Hinweis zum Zulassungsstatus: MariTide (Maridebart Cafraglutide) ist weltweit noch nicht als Arzneimittel zugelassen (Stand August 2025). Das Phase-3-MARITIME-Programm läuft. Ein EMA-Antrag und eine DACH-Zulassung sind frühestens 2027/2028 realistisch (Branchenschätzung). Dieser Artikel beschreibt Studienergebnisse und gibt keine Empfehlung zur Anwendung.

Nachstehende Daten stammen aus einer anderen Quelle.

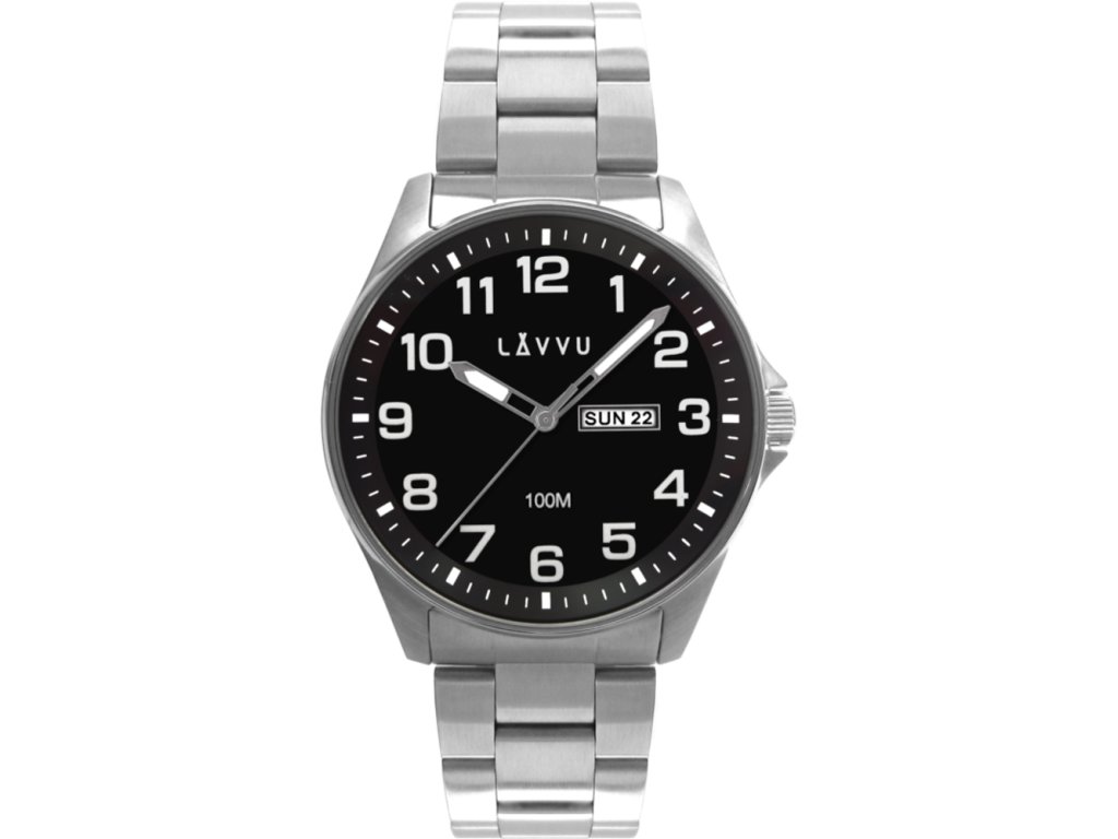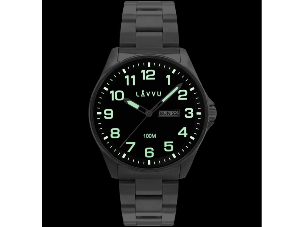 LAVVU Ocelové pánské hodinky BERGEN Black se svítícími čísly
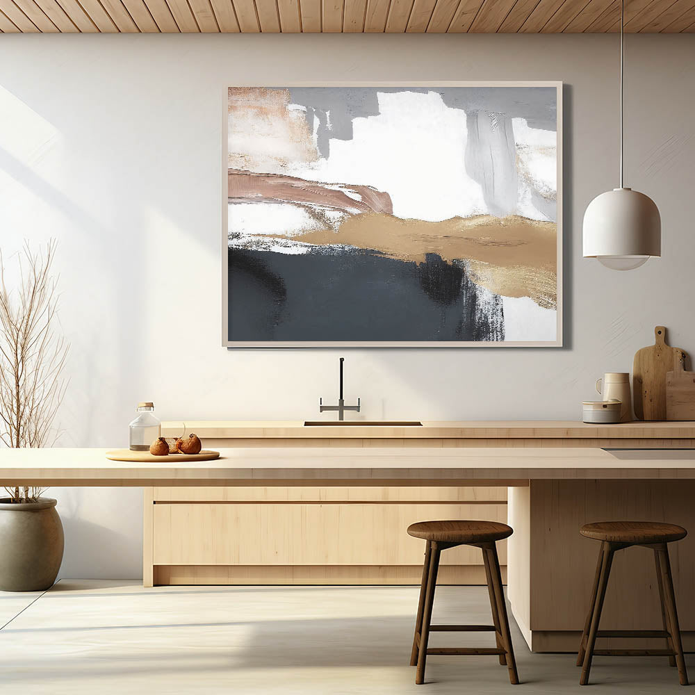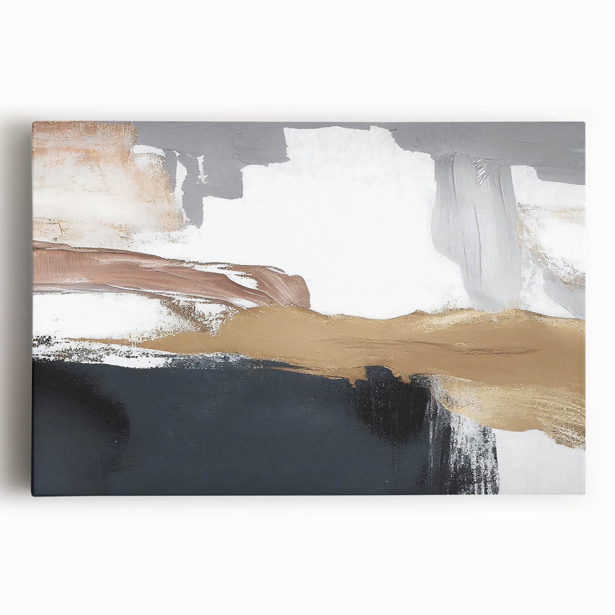 Bring modern elegance to your space with this Contemporary Abstract Strokes and Lines Art. This striking piece features a sophisticated blend of beige, gold, and black brush strokes, creating a dynamic and visually appealing composition. The soft, neutral tones are beautifully contrasted by bold, dark accents, making it an ideal choice for those who appreciate refined yet impactful artwork.
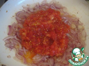 Помидоры обдать кипятком, снять кожицу и мелко порезать. добавить к луку и чесноку. Посолить, поперчить. Накрыть крышкой и тушить, убавив огонь до минимального, 10 минут
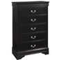 The Five Drawer Chest is an enchanting addition to your sleeping space. Made with select hardwoods and a black finish, this piece is warm and matches well with any décor. This piece has beautiful features such as simple molding at the top, metal bail handles and bracket feet. Use the five drawers to store clothing items or extra blankets. For style and storage, this chest is sure to please.
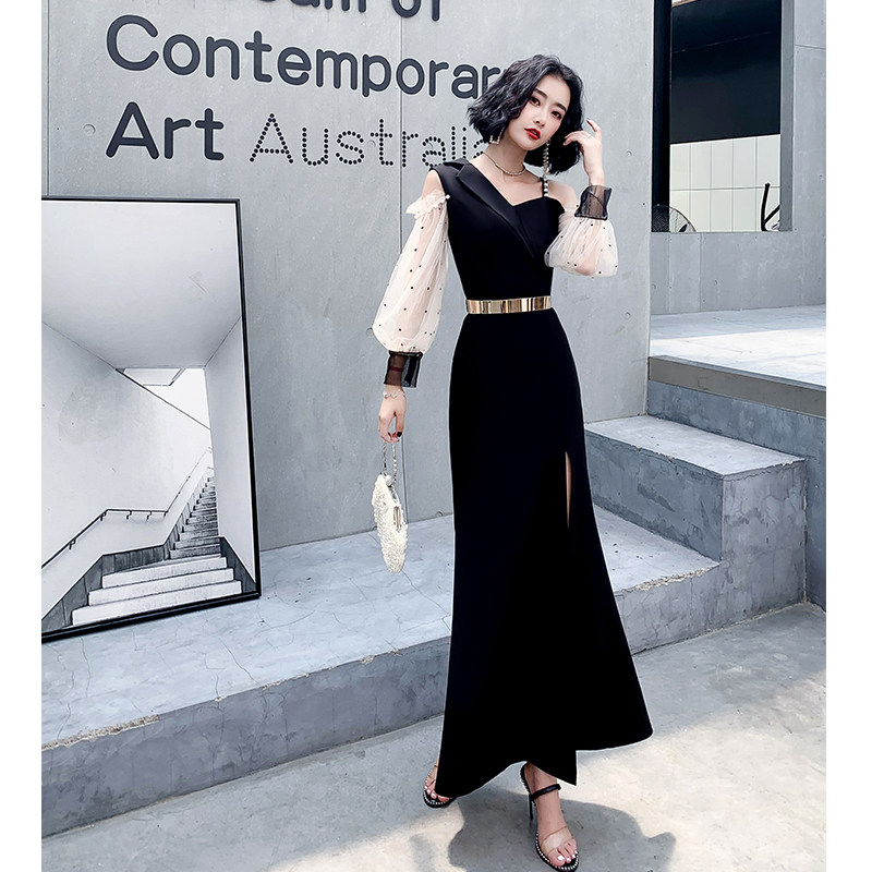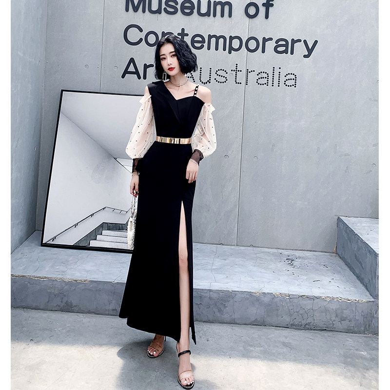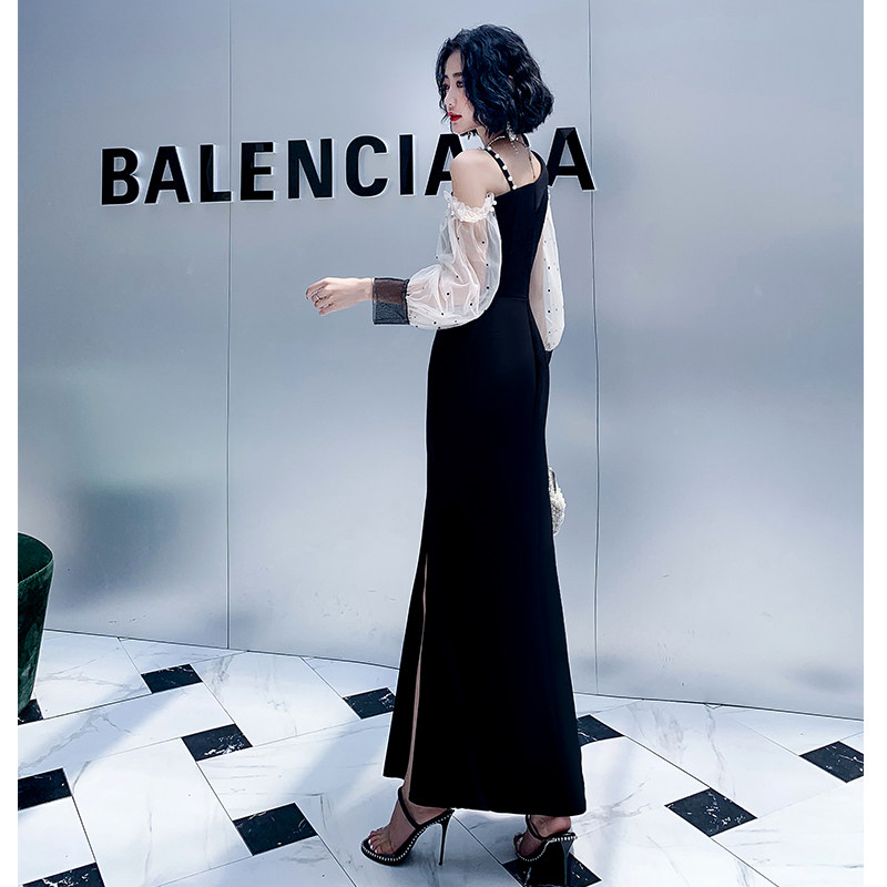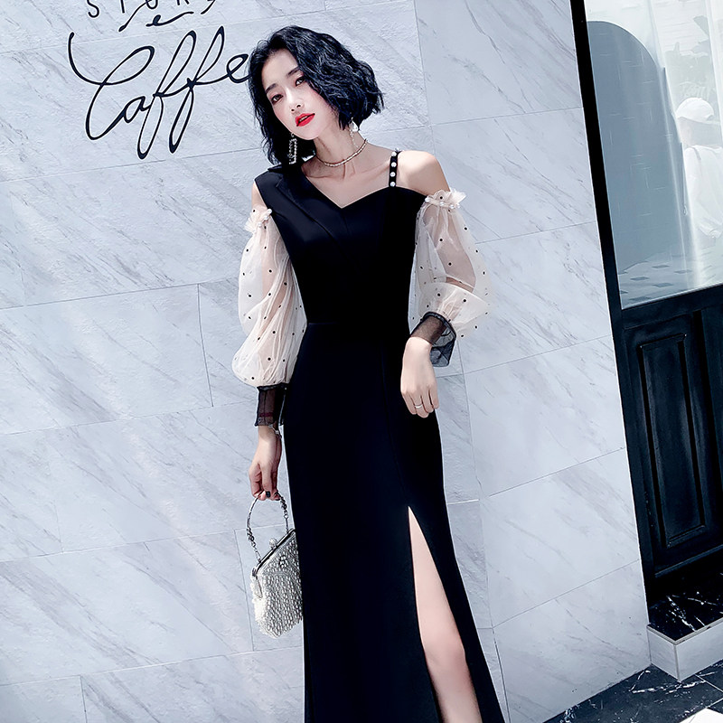 Black small evening dress female banquet socialite temperament host dress summer can usually wear light luxury sexy summer
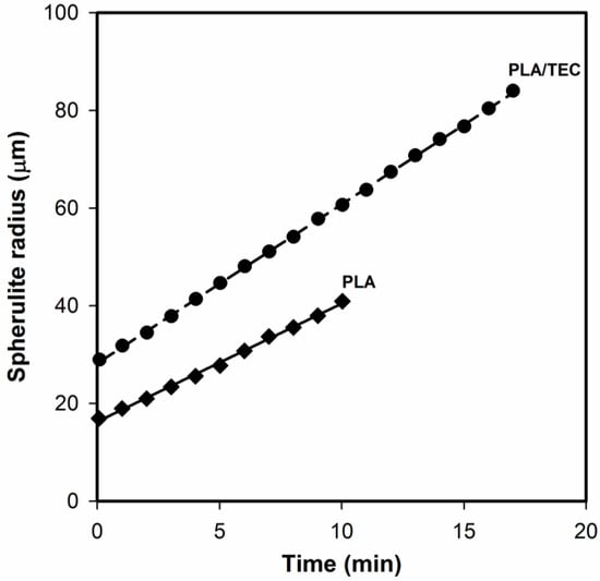 It can be seen that the surface of both PLA and PLA/TEC systems is fairly smooth without noticeable heterogeneities, which suggests that the fraction of triethyl citrate is molecularly dispersed in the polylactide matrix. The spherulite growth rate measurements confirmed the homogeneous dispersion of the plasticizer in samples of PLA/TEC. Based on the changes in spherulite radius as functions of time (Figure 2), it is clearly seen that the radius increases linearly with time also for the sample containing the triethyl citrate. This excludes, therefore, the possibility of the plasticizer accumulating in front of growing spherulite, which in consequence would lead to its segregation during crystallization.
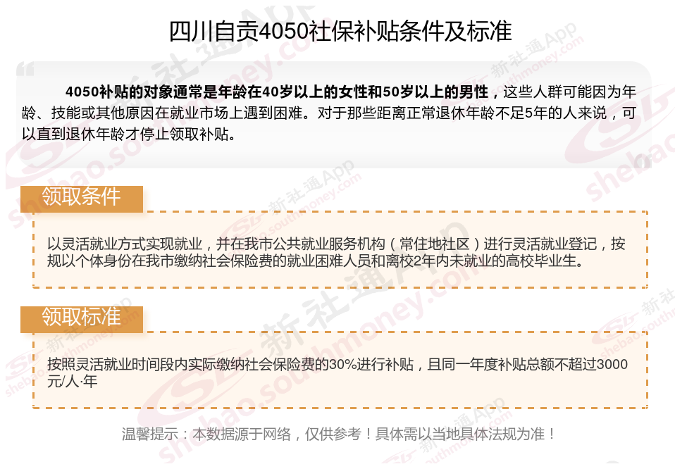 一、四川自贡4050社保补贴标准及条件2023-2024年
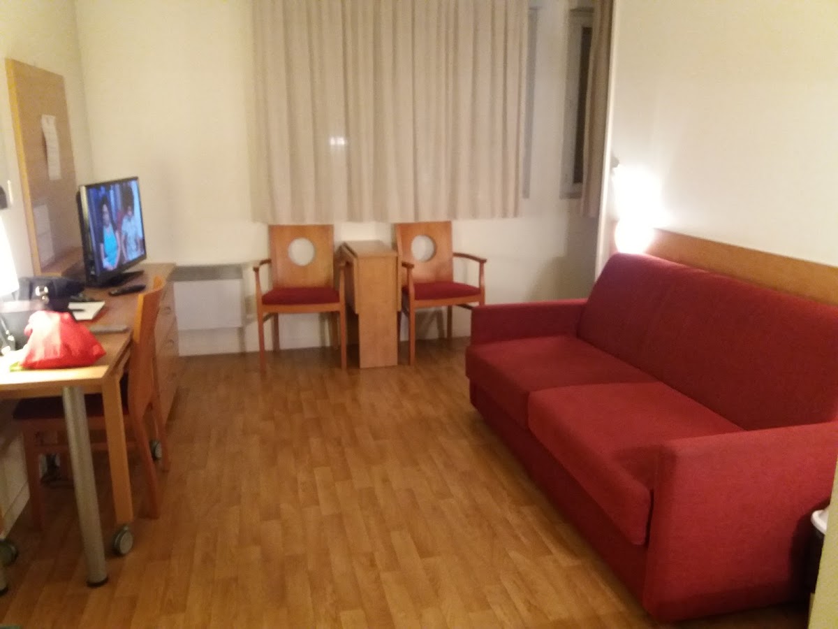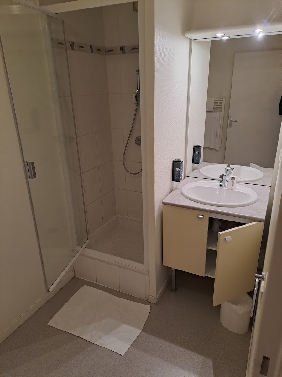 Bus ride C4 to Rennes centre. Modern apt block, good sized rooms, airy- small balcony in each one. Hob, microwave. Double, and sofa bed so can sleep 4. Well appointed. Reception, private and on road parking. Lift.
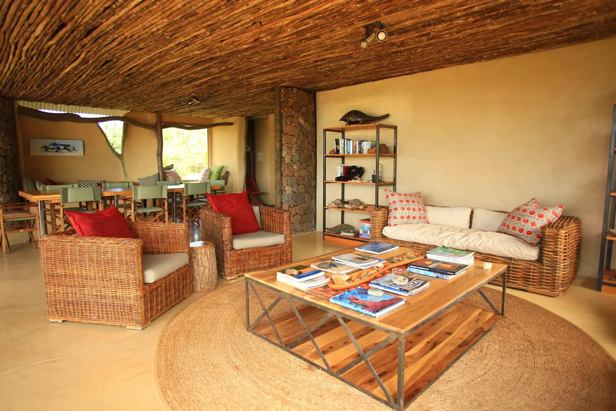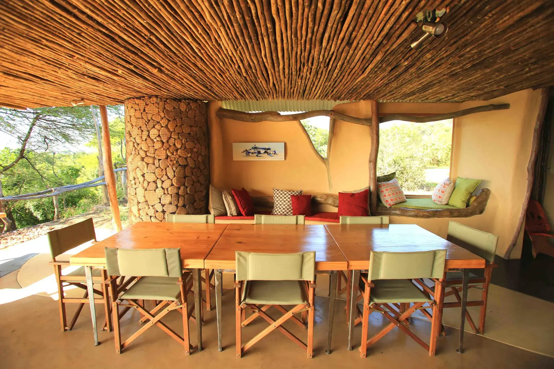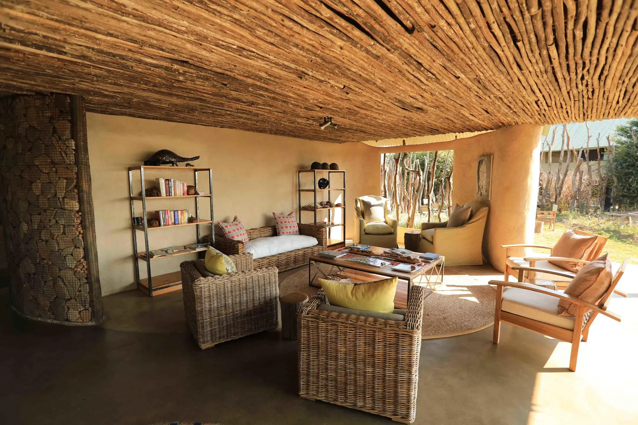 The central dining and lounge area has a deck above, providing a magnificent view across the dry riverbed and to the pan below. The camp accommodates 14 guests in total. (craftedAfri)
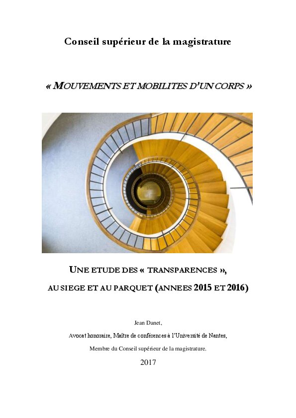 « Mouvements et mobilités d’un corps » Une étude des « transparences », au siège et au parquet (années 2015 et 2016). Par Jean Danet
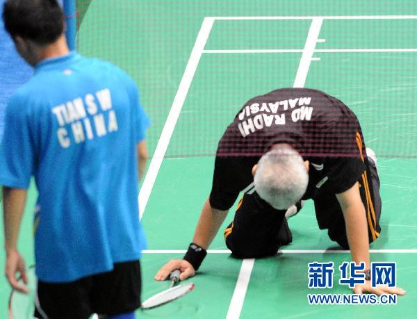 12月14日,在廣州2010亞殘運會羽毛球賽場上,中國選手田時偉對決馬來西亞選手朱哈里的男子單打站立一級半決賽,就像林丹大戰(zhàn)李宗偉,以精彩絕倫的交鋒展開一場“瑜亮之爭”,又以催人淚下的悲情畫上句號。當中國羽毛球選手田時偉丟下拍子、慶祝闖入決賽的喜悅時,他的對手馬來西亞球員拉迪 朱哈里仰天長嘆,流下熱淚。得分時雙拳緊握,為抵抗傷痛不時揚起球拍,朱哈里用自己的方式詮釋了什么叫做“雖敗猶榮”。這是馬來西亞選手拉迪 朱哈里(右)失分后懊悔跪地。 新華社記者王松攝

MariTide macht etwas, das alle anderen Substanzen in der GLP-1-Klasse so nicht tun: Es blockiert einen Hormonrezeptor, den Tirzepatid aktiviert, und erzielt trotzdem vergleichbaren Gewichtsverlust. Das ist entweder ein Hinweis auf einen bisher nicht vollständig verstandenen Mechanismus, oder ein Hinweis darauf, dass der Weg zur Wirkung flexibler ist, als das Feld bisher angenommen hat. Dazu kommt: Die Substanz muss nur einmal im Monat gespritzt werden, während alle anderen GLP-1-Substanzen wöchentlich kommen. Phase-2-Daten sind publiziert, Phase 3 läuft. Dieser Beitrag erklärt, was MariTide ist, was die MARIMBA-Daten zeigen und was an diesem Molekül mechanistisch ungewöhnlich ist.
Was ist MariTide
MariTide ist der Entwicklungsname für Maridebart Cafraglutide, auch bekannt als AMG 133. Es ist ein experimentelles Molekül aus den Labors von Amgen, einem der größten Biotechnologie-Unternehmen weltweit. Einen zugelassenen Markennamen gibt es nicht, weil keine Zulassung vorliegt.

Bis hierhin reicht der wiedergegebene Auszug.